____ Excerpted data
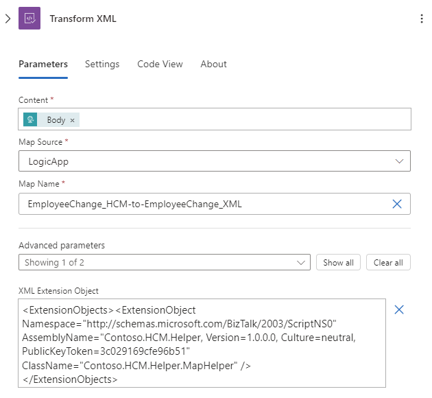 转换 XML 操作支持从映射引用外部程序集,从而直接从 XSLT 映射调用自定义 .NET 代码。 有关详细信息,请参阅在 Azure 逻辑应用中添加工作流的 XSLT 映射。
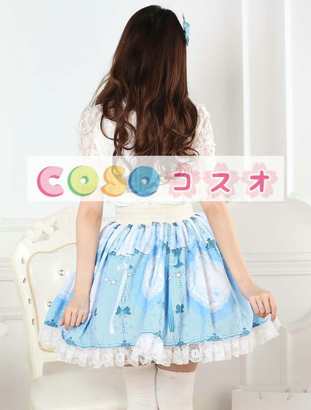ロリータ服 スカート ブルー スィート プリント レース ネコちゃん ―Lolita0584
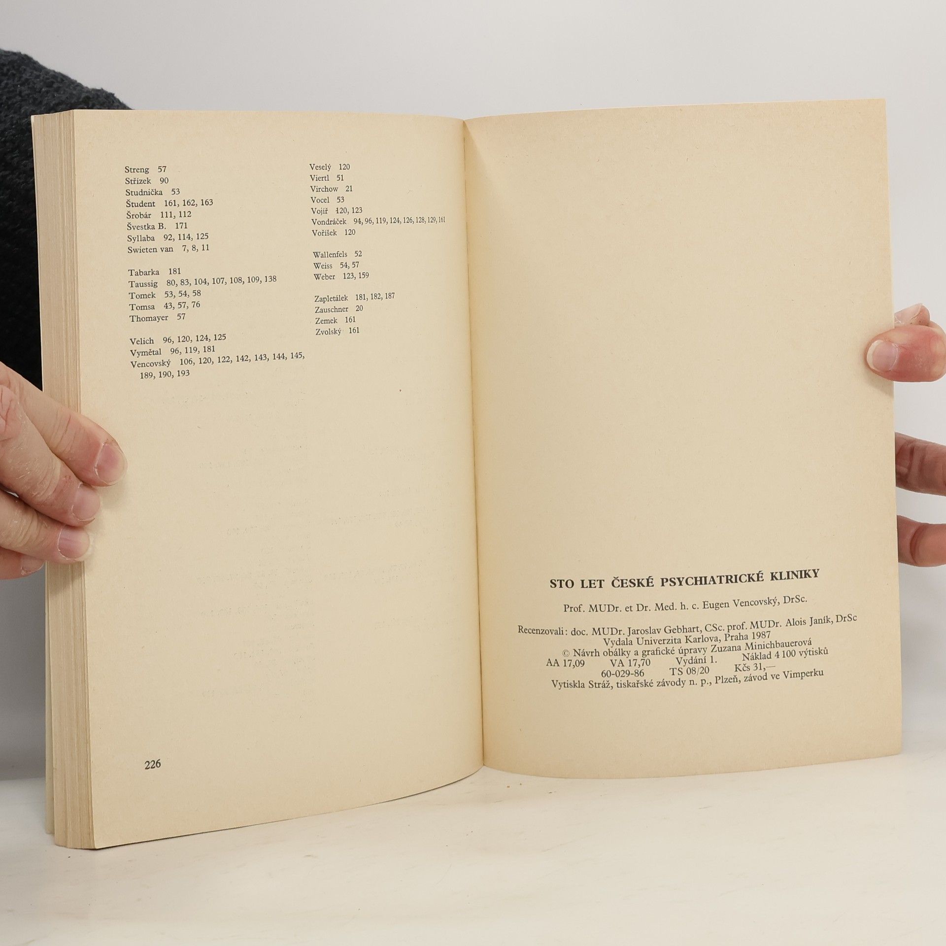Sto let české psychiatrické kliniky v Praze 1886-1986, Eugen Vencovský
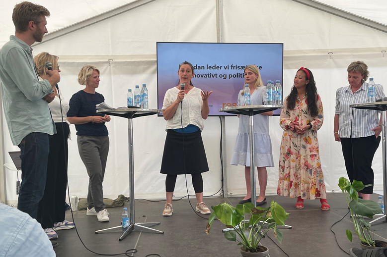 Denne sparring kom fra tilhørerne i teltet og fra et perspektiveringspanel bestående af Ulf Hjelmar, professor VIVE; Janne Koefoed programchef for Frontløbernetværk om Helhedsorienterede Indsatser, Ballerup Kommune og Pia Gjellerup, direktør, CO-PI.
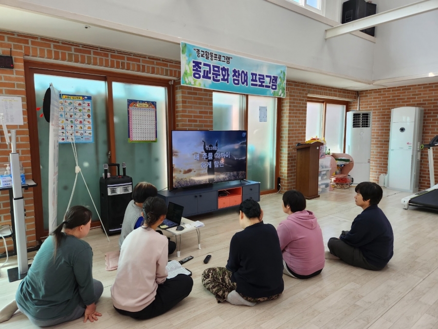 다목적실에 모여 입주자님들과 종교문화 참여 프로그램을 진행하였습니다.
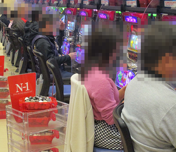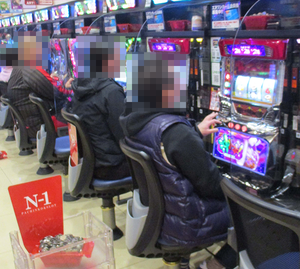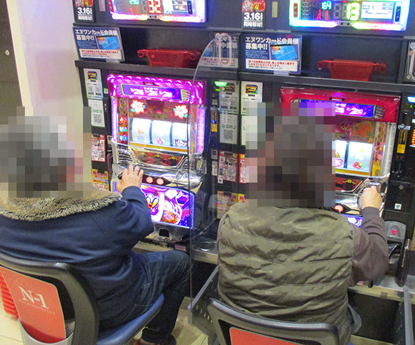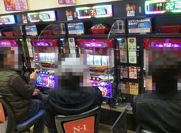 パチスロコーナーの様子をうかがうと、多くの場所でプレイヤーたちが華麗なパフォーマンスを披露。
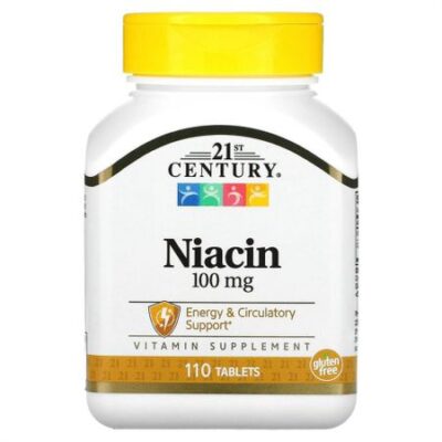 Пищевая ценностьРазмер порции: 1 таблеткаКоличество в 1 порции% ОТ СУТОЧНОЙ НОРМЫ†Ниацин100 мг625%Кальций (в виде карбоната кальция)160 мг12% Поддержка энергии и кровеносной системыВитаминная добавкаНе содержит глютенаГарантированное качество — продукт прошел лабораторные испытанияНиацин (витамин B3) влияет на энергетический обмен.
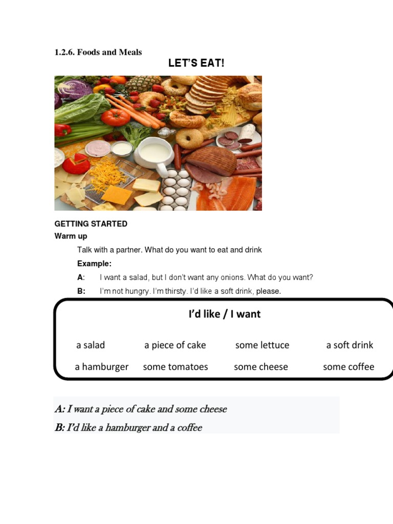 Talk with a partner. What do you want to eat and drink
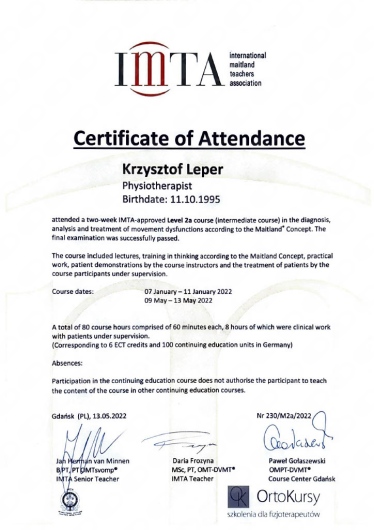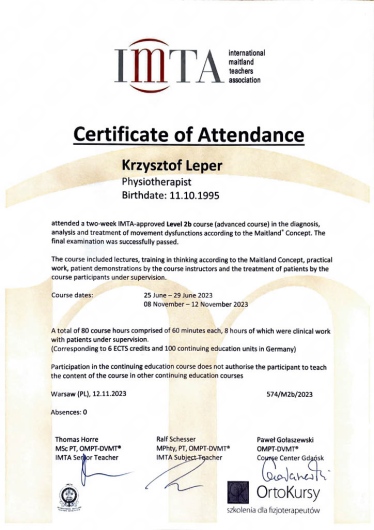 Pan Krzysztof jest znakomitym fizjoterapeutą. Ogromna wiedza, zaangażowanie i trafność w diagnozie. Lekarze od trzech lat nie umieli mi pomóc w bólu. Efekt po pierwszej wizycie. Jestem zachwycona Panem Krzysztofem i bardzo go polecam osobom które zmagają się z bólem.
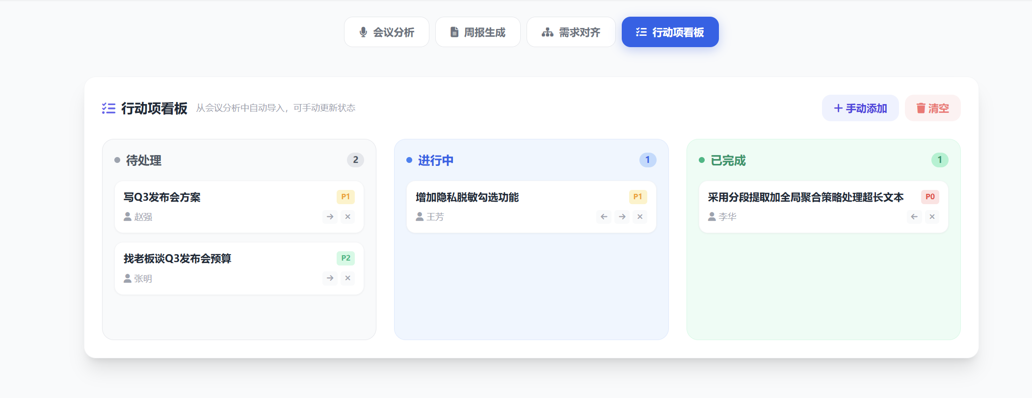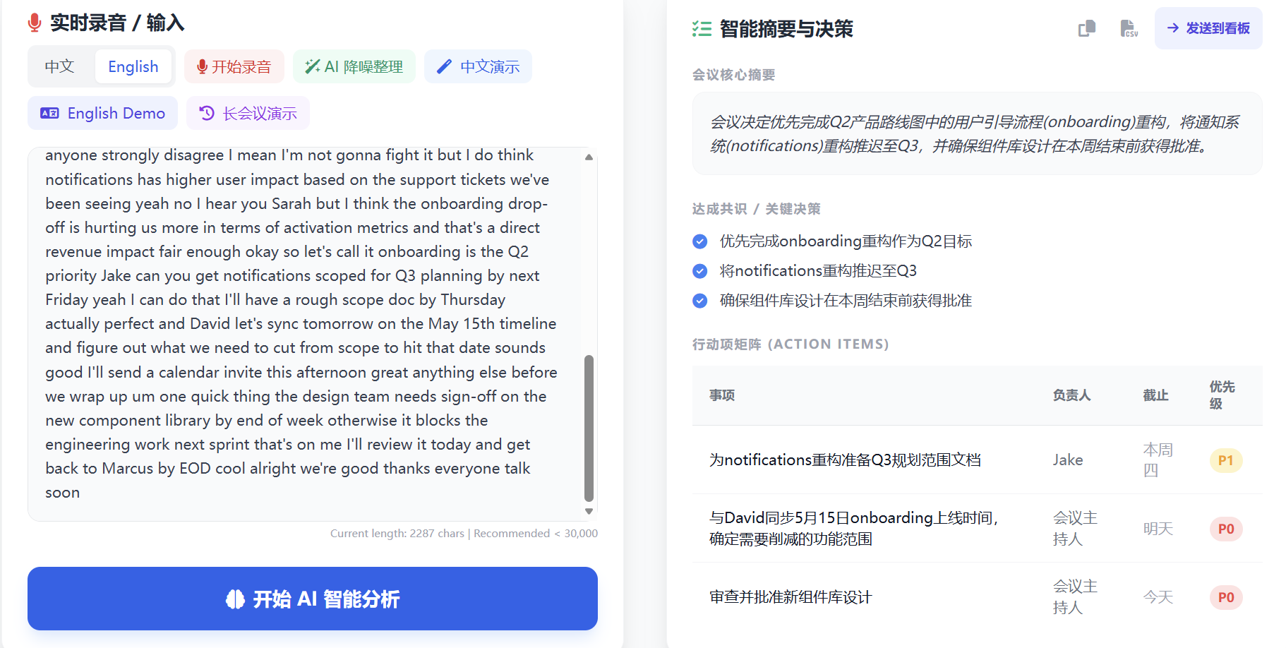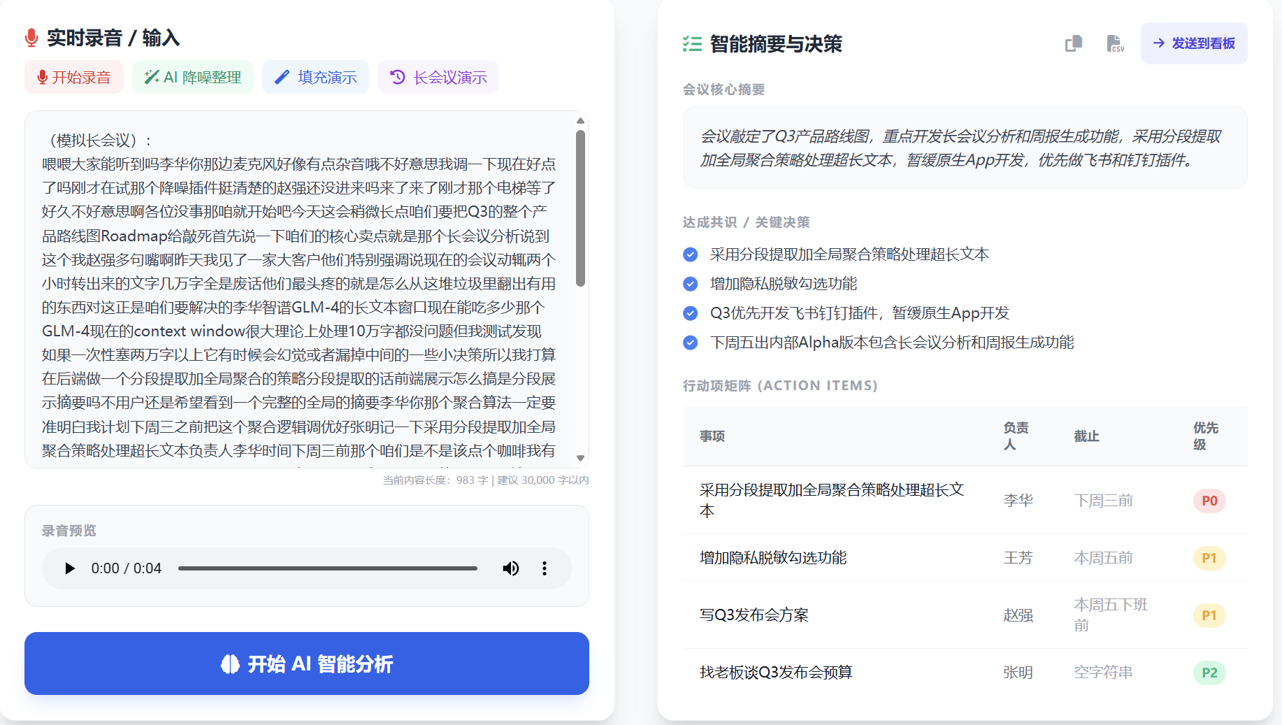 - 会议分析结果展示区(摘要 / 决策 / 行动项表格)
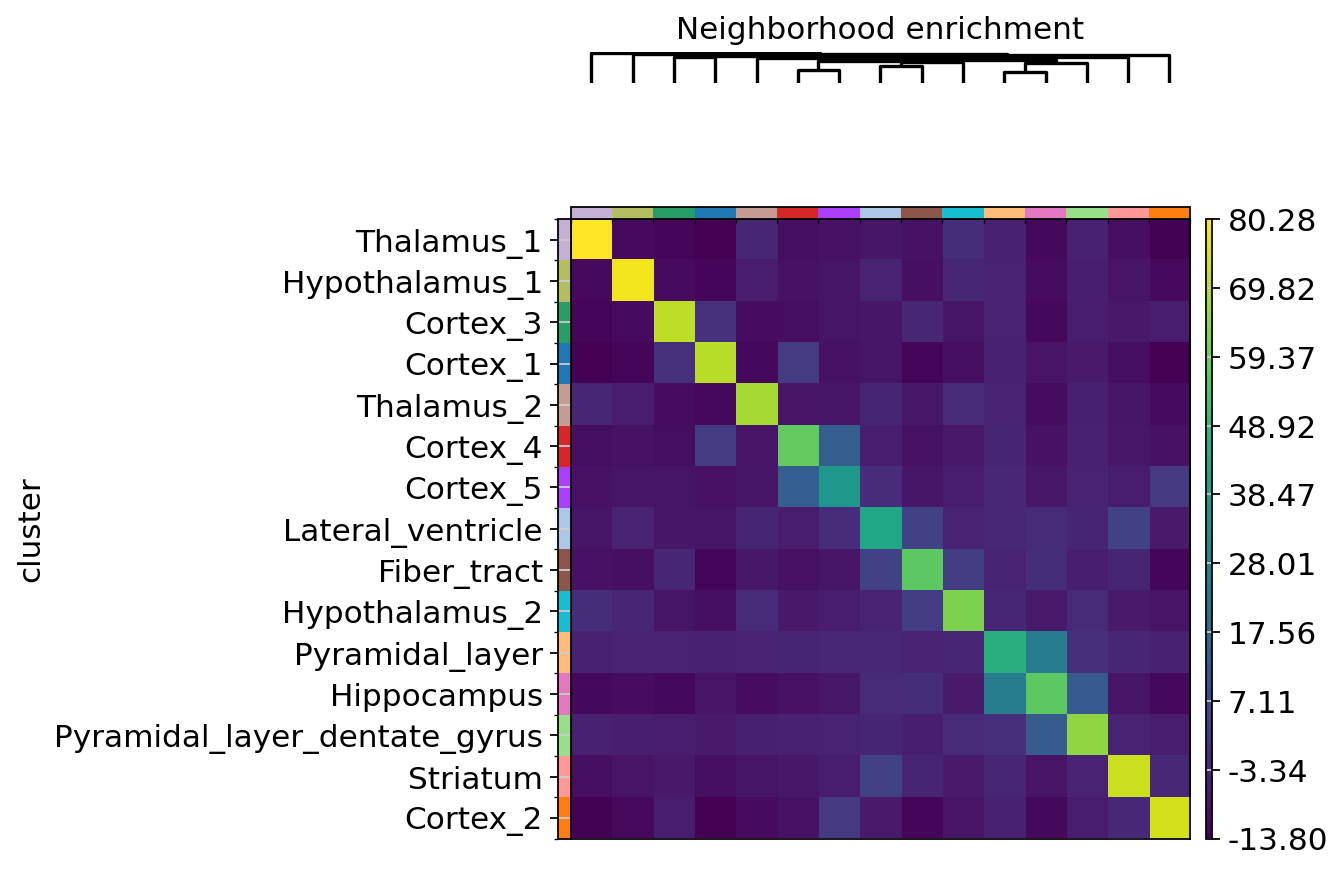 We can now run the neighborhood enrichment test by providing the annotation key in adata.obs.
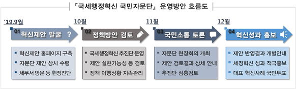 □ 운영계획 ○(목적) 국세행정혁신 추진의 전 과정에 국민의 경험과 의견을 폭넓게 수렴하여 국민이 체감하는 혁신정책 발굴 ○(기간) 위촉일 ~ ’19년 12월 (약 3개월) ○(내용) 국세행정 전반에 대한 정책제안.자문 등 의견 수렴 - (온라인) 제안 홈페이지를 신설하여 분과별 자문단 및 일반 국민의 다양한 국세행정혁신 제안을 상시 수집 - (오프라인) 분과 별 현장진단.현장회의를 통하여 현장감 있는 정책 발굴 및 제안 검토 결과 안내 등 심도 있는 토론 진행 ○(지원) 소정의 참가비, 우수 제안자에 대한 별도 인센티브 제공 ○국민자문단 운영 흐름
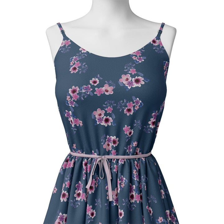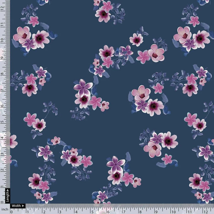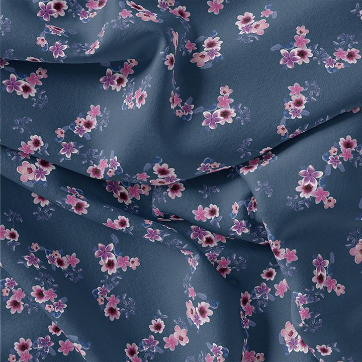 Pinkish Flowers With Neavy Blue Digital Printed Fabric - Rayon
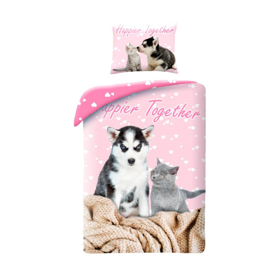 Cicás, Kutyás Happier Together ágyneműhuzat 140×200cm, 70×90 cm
________
[What this task involves]:
The images in the entries above should be left out; please reproduce exactly the lines from the first through the one containing "パチスロコーナーの様子をうか".

[Reply]:
 转换 XML 操作支持从映射引用外部程序集,从而直接从 XSLT 映射调用自定义 .NET 代码。 有关详细信息,请参阅在 Azure 逻辑应用中添加工作流的 XSLT 映射。
ロリータ服 スカート ブルー スィート プリント レース ネコちゃん ―Lolita0584
Sto let české psychiatrické kliniky v Praze 1886-1986, Eugen Vencovský
 Denne sparring kom fra tilhørerne i teltet og fra et perspektiveringspanel bestående af Ulf Hjelmar, professor VIVE; Janne Koefoed programchef for Frontløbernetværk om Helhedsorienterede Indsatser, Ballerup Kommune og Pia Gjellerup, direktør, CO-PI.
 다목적실에 모여 입주자님들과 종교문화 참여 프로그램을 진행하였습니다.
 パチスロコーナーの様子をうかがうと、多くの場所でプレイヤーたちが華麗なパフォーマンスを披露。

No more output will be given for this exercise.